Recordo que em 2017 as bolsas de estudo aos nossos estudantes do ensino superior chegaram a 101 alunos, com um orçamento de 131 mil euros. Este ano, e numa primeira fase, duplicamos este apoio, chegando a 200 alunos, com um orçamento de 268 mil euros. Dois processos que vencemos em tribunal, permitiram agora um reforço, por forma a chegarmos a mais 80 estudantes, que estavam em condições de receber o apoio, mas que não tinham sido contemplados por falta de cabimento orçamental. Este segundo reforçou orçou os 105 mil euros.

Na área da educação, vamos ainda estender a entrega dos manuais escolares ao 2º Ciclo, depois de no ano passado termos abrangido os alunos do 1º Ciclo.

Também o programa de ajuda à recuperação de imóveis degradados teve este ano um reforço. Em 2017 tinham sido orçados 60 mil euros, e este ano o valor subiu para os 164 mil euros, o que vai permitir a recuperação de 18 habitações.

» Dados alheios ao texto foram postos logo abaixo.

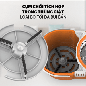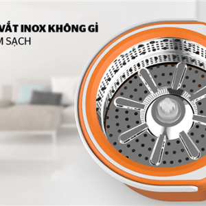 Bên trong thùng giặt có 1 lồng vắt bằng inox chống han gỉ và giúp dễ dàng vắt khô nước của bông lau nhờ cơ chế vắt ly tâm và thiết kế lỗ thoát tiện dụng.
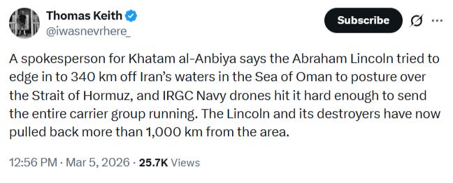 Today Iranian reports claimed that they had hit the USS Lincoln with some type of missiles, and that the ship had run away. OSINT accounts have tried to piece together the events, and though it’s extremely speculative, it seems the USS Lincoln attempted to move in toward Iran, having thought Iranian defenses—particularly its navy—had been attritioned enough for it to be safe. Instead, Iranian drones chased it away, though it’s uncertain whether it was actually hit or not:

O Fundo de Social de Emergência também passou de 100 mil para 200 mil euros, abrangendo três vertentes de ação: os apoios pontuais, os apoios temporários e o acesso ao medicamento. Este último vai permitir às famílias carenciadas o acesso ao cartão ABEM, protocolado com a Câmara Municipal, e que permite que todo o agregado familiar possa aceder gratuitamente aos medicamentos sujeitos a receita médica.

Não escondo a satisfação que me dá poder reforçar todas estas medidas sociais, porque sempre foram elas a principal razão de ser da minha missão enquanto autarca.

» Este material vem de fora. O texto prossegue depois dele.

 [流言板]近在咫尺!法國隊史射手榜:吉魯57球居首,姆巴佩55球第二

A política só faz sentido se for ao encontro das pessoas, e se for feita em nome daqueles que nos elegeram.

Ao contrário do discurso oficial de uma suposta melhoria da crise que atirou a nossa classe média para patamares de dificuldade extrema, sei que muitas famílias ainda se debatem com dificuldades. Deste modo, estas medidas pretendem ser uma ajuda ativa às famílias do nosso concelho, numa Região onde ainda falha muita coisa em setores essenciais como a saúde.

Estes apoios são o resultado de uma política de proximidade, que será sempre mais eficaz e certeira do que a estatística de uma alegada recuperação que as famílias ainda não sentem.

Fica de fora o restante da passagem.